Prompt:
Every line below from the one with "推荐的最新进展表明,可以通过" through the one with "Syksyisen mausteinen sesonkimaku" should be retyped exactly, both ends included; no other lines and no pictures.

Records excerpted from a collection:
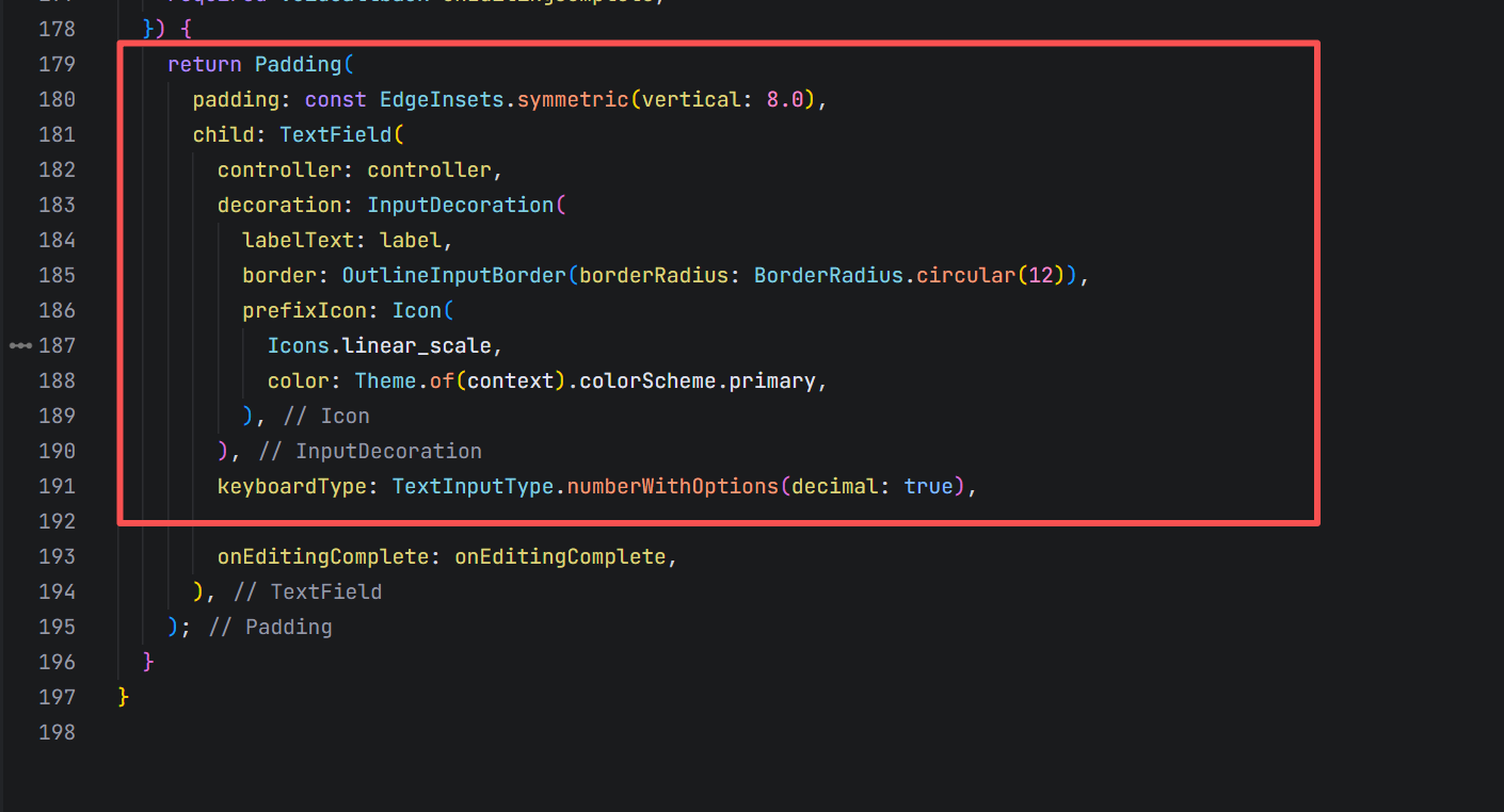prefixIcon: Icon(Icons.linear_scale, ...),
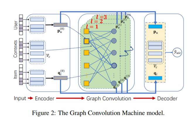 推荐的最新进展表明,可以通过在用户项目交互图上执行图卷积来学习更好的用户和项目表示形式。但是,这种发现主要限于协作过滤(CF)场景,在该场景中无法使用交互上下文。在这项工作中,我们将图卷积的优势扩展到了上下文感知推荐系统(CARS,代表了可以处理各种辅助信息的通用类型的模型)。我们提出了图卷积机(GCM),它是一个由以下组成的端到端框架:三个组件:编码器,图卷积(GC)层和解码器。编码器将用户,项目和上下文投影到嵌入向量中,然后将其传递到GC层,以利用上下文感知的图卷积在用户项图中对用户和项目嵌入进行细化。解码器通过考虑用户,项目和上下文嵌入之间的交互,提取经过精炼的嵌入以输出预测分数。我们对Yelp的三个真实数据集进行了实验,验证了GCM的有效性以及对CARS执行图形卷积的好处。
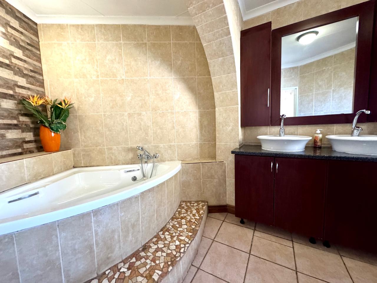Outdoor living is equally impressive. A spacious patio overlooks a stunning indoor lapa, complete with a built-in bar counter and built-in braai—perfect for year-round entertaining. Just beyond, a heated swimming pool offers a resort-like retreat within the comfort of your own home.
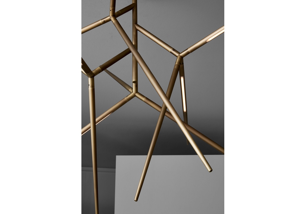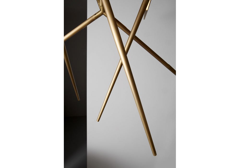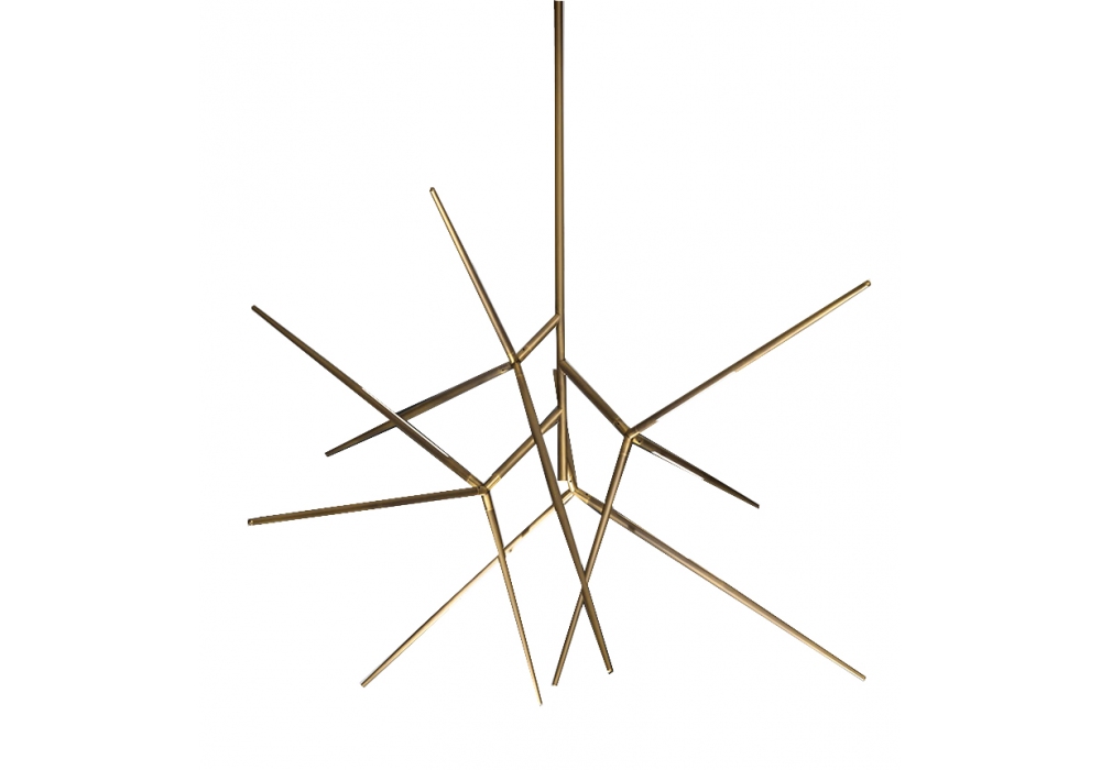 Spear diseñada por Massimo Tonetto para Venicem es una lámpara de araña de luz directa e indirecta. Estructura en latón bruñido claro, níquel negro brillo o níquel negro mate. Tira de LED en el interior de los brazos. Disponible en diferentes tamaños.
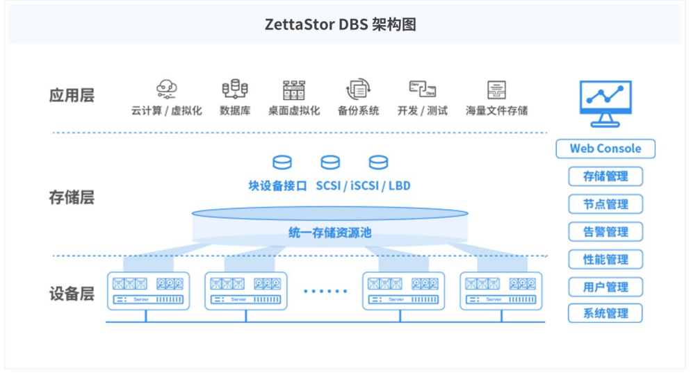 ZettaStor DBS是根据分布式块设备的特性,即高性能、低延迟和高可靠性等,专门设计的架构。提供对各个服务器内置硬盘资源的统一管理,构建一个统一的存储资源池,再从资源池中划分存储资源,以逻辑卷的形式提供存储资源。分布式存储软件负责分布式数据的处理,并保证存储服务的高可靠和高可用。
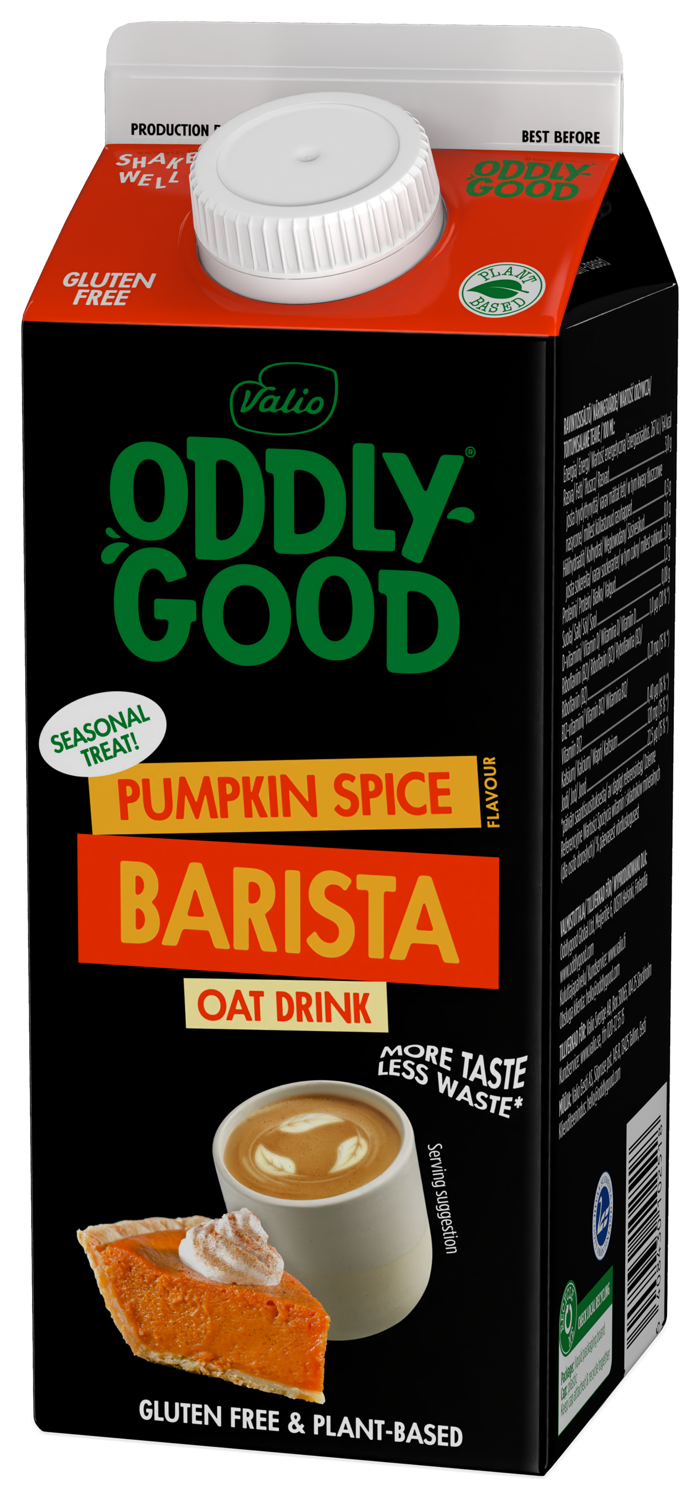 Syksyisen mausteinen sesonkimaku Oddlygood® Barista pumpkin spice tekee kahvihetkestäsi hetkessä herkumman ja tuo kahviloista tutun pumpkin spice latten kotiisi! Lisää maustettua kaurajuomaa kahviin joko sellaisenaan, kuumennettuna tai vaahdotettuna. Herkullisen makunsa lisäksi tuote vaahtoutuu kauniisti ja sekoittuu tasaisesti kaikkiin kahvityyppeihin. Kokeile myös leivontaan tai vaikkapa tuorepuuroon. Valmistetaan Suomessa kotimaisesta gluteenittomasta kaurasta. Sopii vegaaniseen ruokavalioon. Ravista ennen käyttöä.
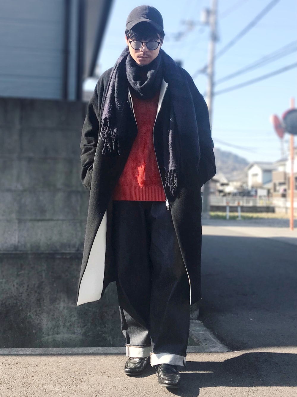 munikunのデニムパンツ「【僕らが纏うモノ】at SAKULA - 5 POCKET SELVEDGE WIDE DENIM/ワイドデニム」を使ったコーディネート

Answer:
 推荐的最新进展表明,可以通过在用户项目交互图上执行图卷积来学习更好的用户和项目表示形式。但是,这种发现主要限于协作过滤(CF)场景,在该场景中无法使用交互上下文。在这项工作中,我们将图卷积的优势扩展到了上下文感知推荐系统(CARS,代表了可以处理各种辅助信息的通用类型的模型)。我们提出了图卷积机(GCM),它是一个由以下组成的端到端框架:三个组件:编码器,图卷积(GC)层和解码器。编码器将用户,项目和上下文投影到嵌入向量中,然后将其传递到GC层,以利用上下文感知的图卷积在用户项图中对用户和项目嵌入进行细化。解码器通过考虑用户,项目和上下文嵌入之间的交互,提取经过精炼的嵌入以输出预测分数。我们对Yelp的三个真实数据集进行了实验,验证了GCM的有效性以及对CARS执行图形卷积的好处。
Outdoor living is equally impressive. A spacious patio overlooks a stunning indoor lapa, complete with a built-in bar counter and built-in braai—perfect for year-round entertaining. Just beyond, a heated swimming pool offers a resort-like retreat within the comfort of your own home.
 Spear diseñada por Massimo Tonetto para Venicem es una lámpara de araña de luz directa e indirecta. Estructura en latón bruñido claro, níquel negro brillo o níquel negro mate. Tira de LED en el interior de los brazos. Disponible en diferentes tamaños.
 ZettaStor DBS是根据分布式块设备的特性,即高性能、低延迟和高可靠性等,专门设计的架构。提供对各个服务器内置硬盘资源的统一管理,构建一个统一的存储资源池,再从资源池中划分存储资源,以逻辑卷的形式提供存储资源。分布式存储软件负责分布式数据的处理,并保证存储服务的高可靠和高可用。
 Syksyisen mausteinen sesonkimaku Oddlygood® Barista pumpkin spice tekee kahvihetkestäsi hetkessä herkumman ja tuo kahviloista tutun pumpkin spice latten kotiisi! Lisää maustettua kaurajuomaa kahviin joko sellaisenaan, kuumennettuna tai vaahdotettuna. Herkullisen makunsa lisäksi tuote vaahtoutuu kauniisti ja sekoittuu tasaisesti kaikkiin kahvityyppeihin. Kokeile myös leivontaan tai vaikkapa tuorepuuroon. Valmistetaan Suomessa kotimaisesta gluteenittomasta kaurasta. Sopii vegaaniseen ruokavalioon. Ravista ennen käyttöä.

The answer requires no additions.